THE PROBLEM:
Each line below is to be repeated exactly; any picture is to be left out.

INFORMATION SUPPLIED:
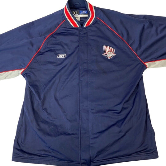 00s Blue, Red & Silver Reebok New Jersey Nets NBA Zip-Up Track Jacket XXL
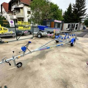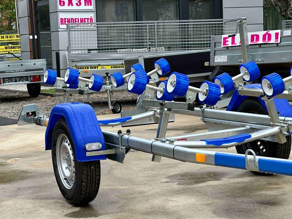 Csónakszállító utánfutó – teljes körű ügyintézéssel és gyors szállítással. Az csónakszállító EK-Megfelelősségi nyilatkozattal, Műszaki adatlappal, Műszaki vizsgálati bizonyítvánnyal, Járműkísérő lappal és részletes dokumentációval kerül átadásra.
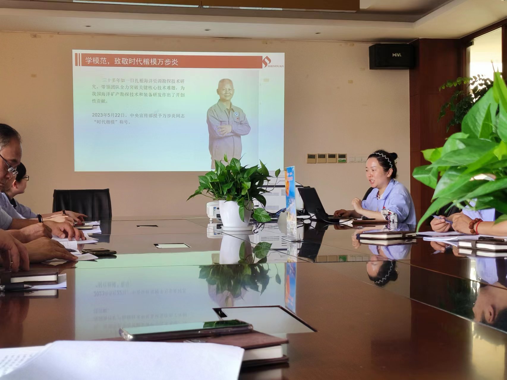 首先,“學模范,致敬時代楷模萬步炎”,通過視頻介紹,學習萬步炎同志的“愛國奉獻,勤奮刻苦”的精神,引導員工“愛崗敬業、拼搏奉獻”,敢于擔當,勇于擔當,不斷進取。

RESPONSE TO THIS EXERCISE:
 00s Blue, Red & Silver Reebok New Jersey Nets NBA Zip-Up Track Jacket XXL
 Csónakszállító utánfutó – teljes körű ügyintézéssel és gyors szállítással. Az csónakszállító EK-Megfelelősségi nyilatkozattal, Műszaki adatlappal, Műszaki vizsgálati bizonyítvánnyal, Járműkísérő lappal és részletes dokumentációval kerül átadásra.
 首先,“學模范,致敬時代楷模萬步炎”,通過視頻介紹,學習萬步炎同志的“愛國奉獻,勤奮刻苦”的精神,引導員工“愛崗敬業、拼搏奉獻”,敢于擔當,勇于擔當,不斷進取。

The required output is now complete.